You can if you're an Ellimist,
I thought.
If you're an Ellimist, you can look ahead and see it all.

“Why not?”

It was Cassie's voice. I glanced across the room at her. She had that same look of confusion I'd seen the day before. The frustrated look, like she sensed something she couldn't quite grasp yet.

“Why can't you second-guess history? I mean, if you
could
go back and change things so that the U.S. was ready to fight earlier …”
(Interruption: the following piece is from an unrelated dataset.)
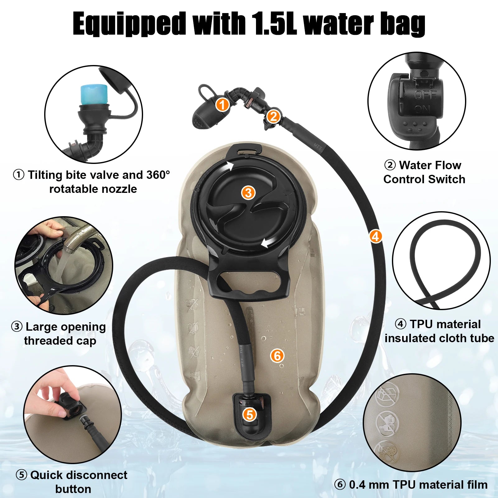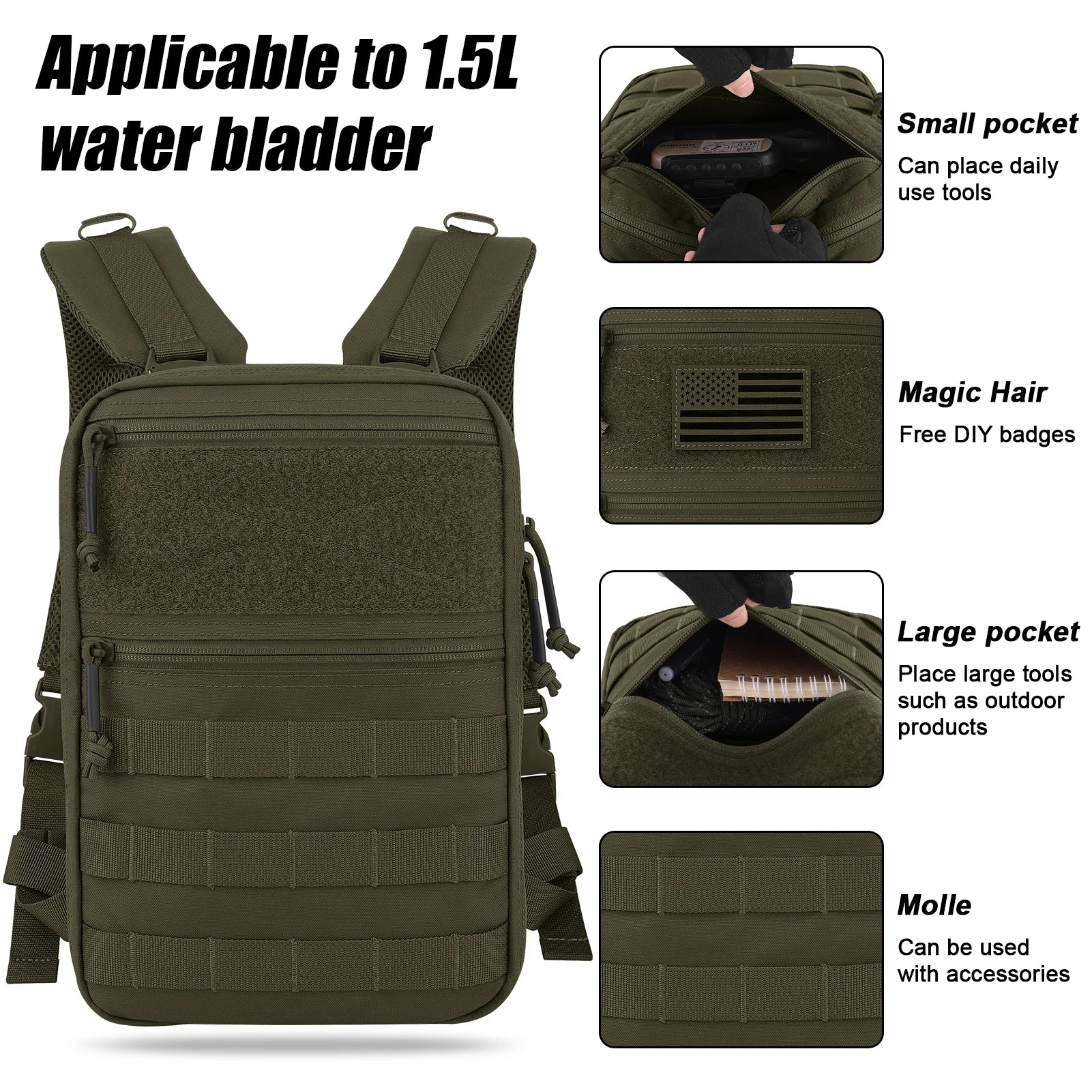 KRYDEX Tactical 50 oz Hydration Carrier MOLLE Pack, 1.5L Water Bladder Pouch, Hunting Backpack Bag Outdoor Vest Accessories

Ms. Paloma sat on the edge of her desk. “Because events are intertwined in ways we cannot always see, Cassie. Sometimes small things can make huge differences. You know, they say that a single butterfly, beating its wings in China, may affect the way the wind blows here in our country. A single butterfly beating its wings may make a tiny change that becomes a bigger change that becomes a tornado. The world isn't like arithmetic. It isn't just one plus one equals two. It's more complicated than that.”
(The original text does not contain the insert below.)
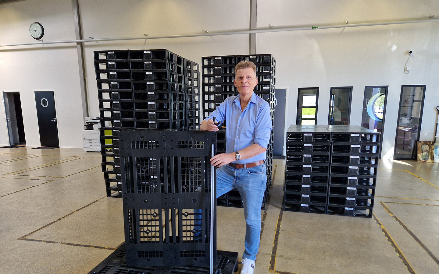 DEN SMARTE VEIEN TIL BÆREKRAFTIG LOGISTIKK: Sirkulærpallen er løsningen som tar logistikkutfordringer til et nytt nivå med overlegen ytelse og bærekraft. Den er både lettere og sterkere enn tradisjonelle trepaller, og gir imponerende lastekapasitet og lang levetid. Sirkulærpallen har en levetid på opptil 8 år, langt mer enn trepaller som ofte må repareres eller byttes ut etter få bruk. Den er 100 % resirkulerbar og laget av resirkulert materiale, noe som gjør den til et grønt og sirkulært valg for fremtiden. Sirkulærpallen er allerede tilpasset fremtidige EU-standarder, så du er godt rustet for morgendagens krav. Hvorfor velge Sirkulærpallen? Fordi den gir sikkerhet, stabilitet og ytelse uten fliser eller sprekker, er perfekt for automatiserte systemer, og krever minimalt med vedlikehold.Geir Vidar Persen, Salgsdirektør IP-Group

And then the oddest thing happened. Ms. Paloma looked right at me. Right into my eyes.

“Much more complicated than that,” she said. “A single butterfly … a single butterfly … a single butterfly …”

The hair on the back of my neck was tingling. Everyone was looking at her like she was crazy.
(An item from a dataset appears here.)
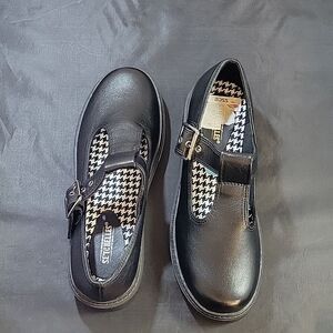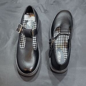 NEW SEYCHELLES ANTHROPOLOGIE BRAND KAMI MARY JANE SHOES CHUNKY HEEL VINTAGE PLATFORM LOAFERS SIZE 6M COLOR BLACK ADJUSTABLE BUCKLE ANKLE seychelles Girls Classic Buckle T Bar Shoes. seychelles provides Term special comfort features including a soft padded collar at the heel - ban blisters! The memory foam man made materials lining textile sock textile outsole insoles provide extra comfort for a long school day too. Keep Feet Safe and Secure - Strong Bar StrapvHigh Quality Leather Flexible and Rugged Sole Memory Foam Insole Heel Height measurements apron 1"inched THIS ITEMS IS BRAND NEW WITH TAG CHECK THE PICTURES

Suddenly Ms. Paloma shook her head, like she was popping out of a trance. She smiled a confused smile. “Okay, well, anyway, you all have the reading assignments.”

The bell rang and I practically jerked up out of my seat.

Cassie threaded her way through the kids who were rushing out of the room.

“Okay, tell me
that
wasn't weird,” Cassie whispered.

“I thought maybe I was imagining it,” I said. “Besides, who knows what's weird anymore? I'm sitting there waiting for the … you know who … to suddenly zap us out of here.”

Cassie nodded. “So why hasn't he?”

Out in the fast-moving crush of bodies in the hall, we made our way to our lockers.

“I don't know,” I said as I spun my combination lock. “We decided to say yes. We're giving him what he wants.”

I popped my locker door open.

“Unless …” Cassie said.

“Unless maybe that wasn't the answer he wanted,” I finished her thought.

“But it's nuts,” Cassie said, frowning. “Everything he did made it look like he wanted us to say yes. He appears the first time right as we're about to be swallowed by a …” She looked around to make sure no one could overhear. “Just as we were about to be swallowed. I mean, come on. Obviously he must have figured we'd want to bail.”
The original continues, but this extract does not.